American Legislative Exchange Council
Date: November 2011
Purpose: to educate and engage its membership on more efficient state budget approaches to drive greater student outcomes, as well as educate them on beneficial ways to recruit, retain, evaluate and compensate effective teaching based upon merit and achievement
Amount: $376,635
Term: 1 year and 10 months
Topic: Advocacy & Public Policy
Region Served: Global, North America
Program: United States
Grantee Location: Washington, District of Columbia
Grantee Web site: http://www.alec.org
There is great danger if too much capital and wealth is concentrated into the hands of a single individual or family. I've always fancied Bill Gate to be a relatively benign human being outside of the business realm but, if one is unethical in business or any aspect of one's life, such conduct must reach every other aspect of a person's life and influence. It is obvious that Gates has yielded to the temptation to use his enormous wealth in ways that appear to benefit the world at large, but are largely orchestrated to benefit the bottom line of Gates' business enterprises.

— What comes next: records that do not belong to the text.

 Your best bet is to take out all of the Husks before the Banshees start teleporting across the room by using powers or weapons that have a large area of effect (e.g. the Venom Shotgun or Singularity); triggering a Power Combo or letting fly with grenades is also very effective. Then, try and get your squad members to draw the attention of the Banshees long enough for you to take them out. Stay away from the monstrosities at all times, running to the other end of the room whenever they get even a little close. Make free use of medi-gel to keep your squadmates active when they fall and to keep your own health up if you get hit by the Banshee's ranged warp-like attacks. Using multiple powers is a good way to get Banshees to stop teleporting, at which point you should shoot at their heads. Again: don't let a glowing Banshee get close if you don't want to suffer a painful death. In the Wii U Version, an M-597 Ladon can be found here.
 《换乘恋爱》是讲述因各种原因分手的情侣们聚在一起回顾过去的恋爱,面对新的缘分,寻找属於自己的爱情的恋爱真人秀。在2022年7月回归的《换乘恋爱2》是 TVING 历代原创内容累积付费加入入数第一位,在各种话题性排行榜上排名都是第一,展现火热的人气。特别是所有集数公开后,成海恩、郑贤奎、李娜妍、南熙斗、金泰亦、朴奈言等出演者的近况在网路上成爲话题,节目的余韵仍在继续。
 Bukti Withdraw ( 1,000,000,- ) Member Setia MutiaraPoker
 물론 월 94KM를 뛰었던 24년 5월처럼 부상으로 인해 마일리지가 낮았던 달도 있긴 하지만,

Interestingly, Lee Fang recently reported in The Nation on the various ways that the Gates Foundation and ALEC are working – independently – to promote for-profit distance learning. These programs typically undermine public schools while benefiting technology and software companies, including Microsoft. The educational value of such programs is also highly contested.

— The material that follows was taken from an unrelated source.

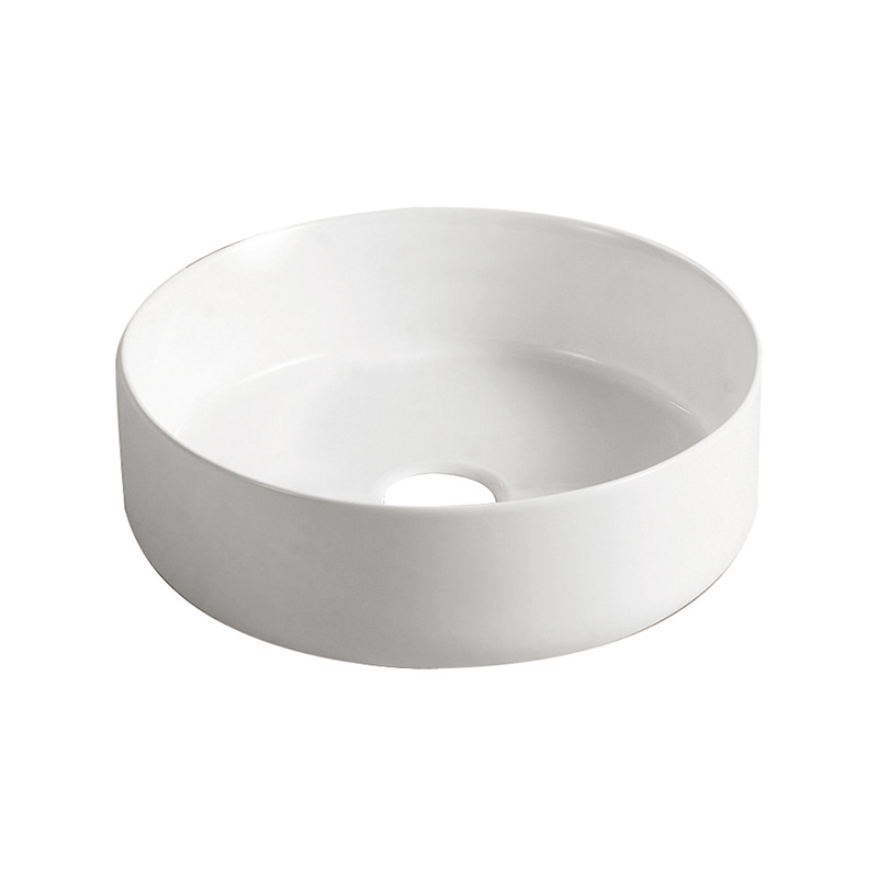 Slim round countertop basin in white polished ceramic. 355mm width x 355mm depth x 120mm height. No tap hole included. Plug and waste sold separately. 5 year warranty.
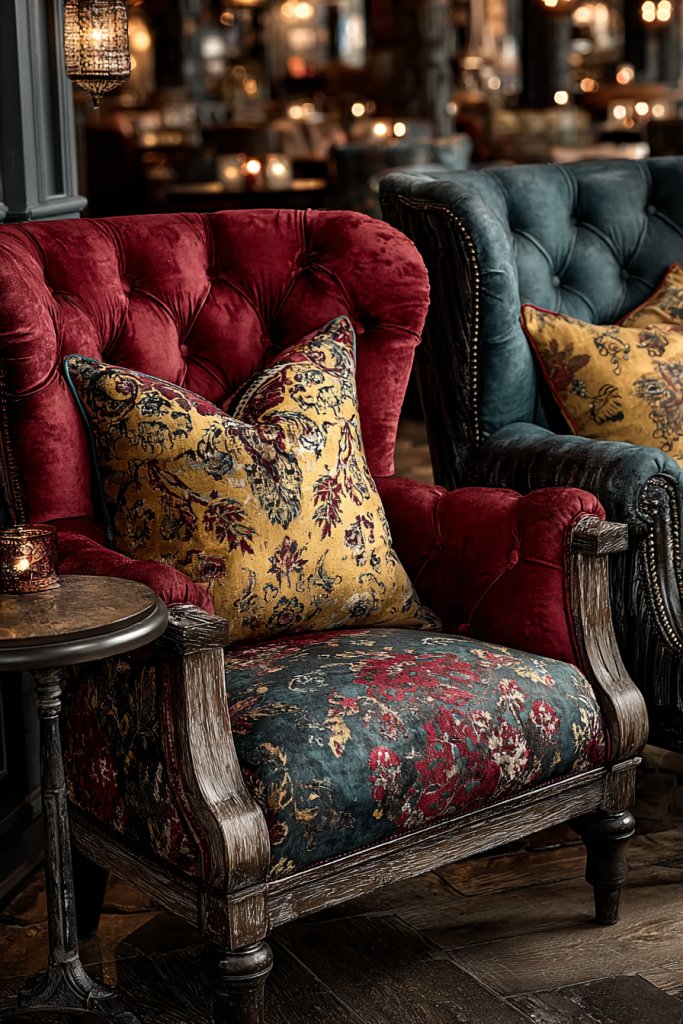 Picture a sleek, modern armchair with clean lines paired with a vintage-inspired wingback chair upholstered in faded velvet. The contrast of styles and eras adds depth and personality. Placing them around a central coffee table creates a cozy, conversational nook. Different shapes, colors, and textures keep the eye moving and make the room more dynamic.

But the bigger issue here is that the Gates Foundation – a grant-making behemoth – is legitimizing ALEC and all of its egregious lobbying by directly supporting a portion of the group’s work. One can only hope that the Gates Foundation staff responsible for the grant were narrowly focused on education policy and unaware of ALEC’s broader agenda. Either way, the foundation seems headed into the middle of a controversy, which is remarkable for an organization that took pains to avoid “the controversy” in the reproductive health arena.